Restricted Stock Units (RSUs) - A number of RSUs comprising 50% of the value of the outstanding RSUs calculated immediately prior to the spin-off continued to be applicable to Autoliv common stock. A number of RSUs comprising the remaining 50% of the pre spin-off value were replaced with RSUs with underlying Veoneer common stock. Certain exceptions applied.

 

Performance Shares (PS) - Outstanding PSs pre spin-off were converted to time-based RSUs and shall be treated in the same manner as other outstanding RSUs (as described above) on the Distribution Date. The number of outstanding PSs pre spin-off were converted based on pro-ration of performance period such as:

 

 

1)

The level of actual achievement of performance goals for each outstanding PS for the period between the first day of the performance period and December 31, 2017 (the “Performance Measurement Date”), referred to as “Level of Performance-to-Date” and;

 

2)

The greater of the Level of Performance-to-Date and estimated target performance level (i.e., 100%) for the period between the Performance Measurement Date and the last day of the performance period.

 

In each case above, the conversion was intended to generally preserve the intrinsic value of the original award determined as of the distribution date of Veoneer. The number of converted RSUs and SOs for Autoliv and Veoneer was based on the average of Autoliv closing stock prices for the last 5 days prior to the spin-off and the average of closing stock prices of Autoliv and Veoneer, respectively, for the first 5 days after the spin-off.

As a result of the spin-off and the related conversion, it was determined that the stock based awards were modified in accordance with ASC 718, Compensation – Stock Compensation. The fair value of the RSUs and SOs immediately before and after the modification was assessed in order to determine if the modification resulted in any incremental compensation cost related to the awards, including consideration of the impact of conversion using the 5 day average.
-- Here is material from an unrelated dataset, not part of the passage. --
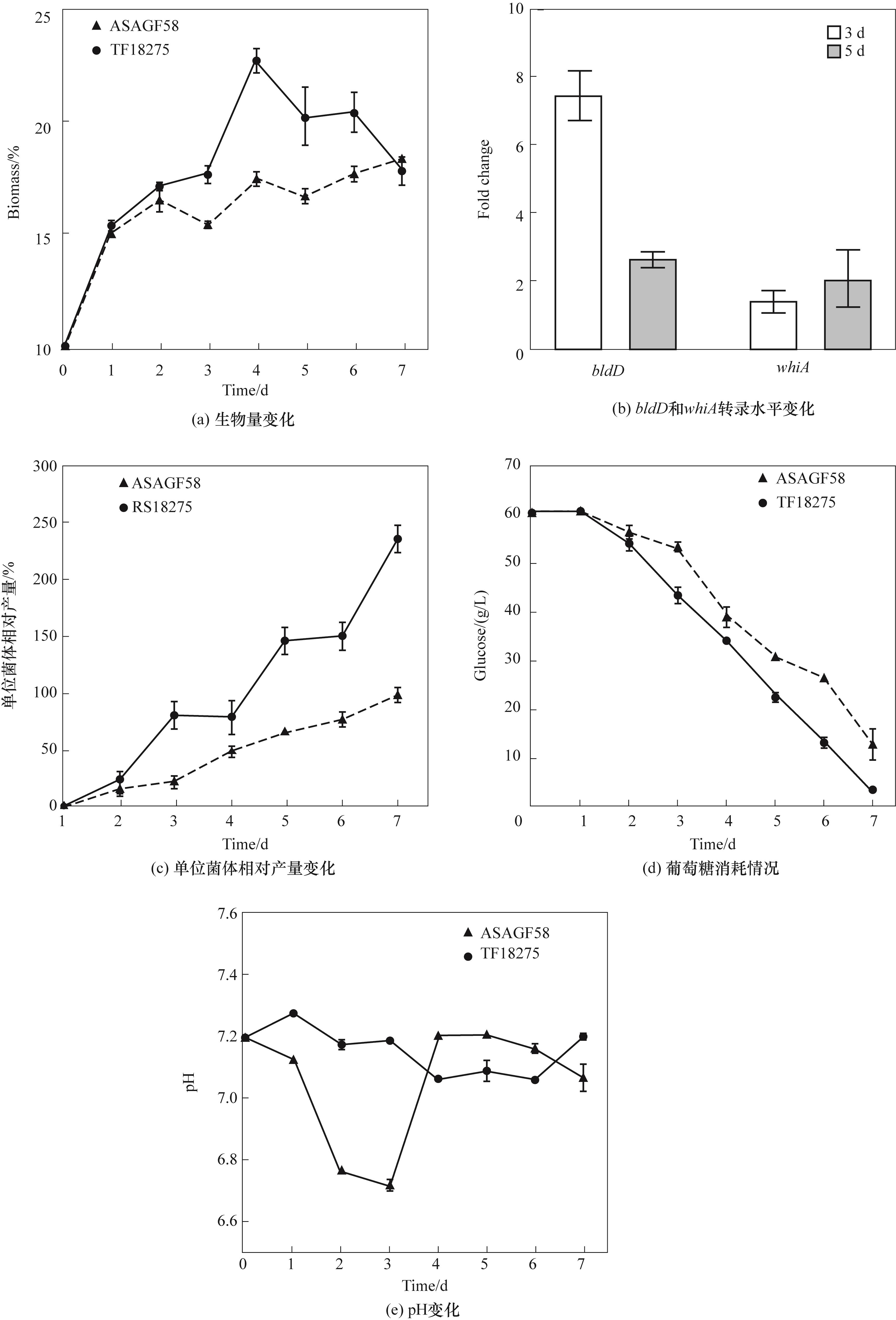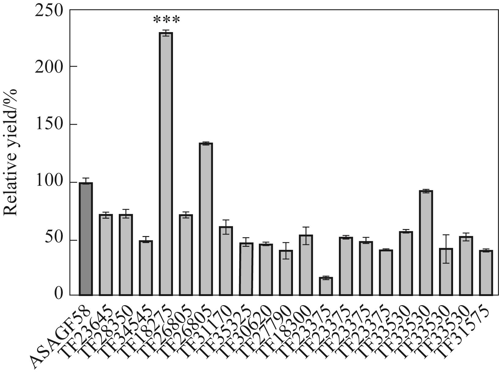 丁烯基多杀菌素(butenyl-spinosyn)是由须糖多孢菌(Saccharopolyspora pogona)产生的新型绿色生物杀虫剂,然而,由于其代谢网络复杂、遗传背景不清晰、调控机制未得到充分解析,导致其合成效率低,难以满足实际需求。本研究基于对S. pogona ASAGF58和S. pogona ASAGF40转录组学数据分析,挖掘参与次级代谢调控、影响丁烯基多杀菌素合成的LysR家族转录调控因子并构建相关工程菌株。结果显示,RS18275使丁烯基多杀菌素产量达到67.1 mg/L,为出发菌ASAGF58的2.3倍,同时促进细胞生长,菌体生物量提高30.63%,并加快了底物葡萄糖的消耗。比较转录组学分析表明,RS18275通过调控初级代谢途径增强了乙酰辅酶A等前体供应,上调丁烯基多杀菌素生物合成途径关键基因提高了产物合成通量。基于比较转录组学分析和验证,初步解析了RS18275作为全局调控因子,通过调控初级代谢与次级代谢实现目标化合物高效合成的生理机制,为后续丁烯基多杀菌素的高效合成提供理论与工程化策略。

Based on the valuation performed, it was determined that the conversion did not result in any incremental compensation cost for any of the outstanding awards. The post spin-off stock-based compensation expense will be based on the original grant date fair value related to only Autoliv employees.  

 

With certain limited exceptions, including the freezing of the Performance Measurement Date to December 31, 2017 as noted above, the SOs and RSUs post spin-off are subject to the same terms and conditions (including with respect to vesting and expiration) that were applicable to such Autoliv stock-based awards immediately prior to the conversion and as described in the Audited Combined Financial Statements for the year ended December 31, 2017 and corresponding notes.

 

The Company recorded approximately $2.3 million and $6.9 million stock-based compensation expense in continuing operations related to RSUs and PSs for the three and nine month periods ended September 30, 2018, respectively. During the three and nine month periods ended September 30, 2017, the Company recorded $2.6 million and $7.4 million, respectively, of stock-based compensation expense in continuing operations related to RSUs and PSs.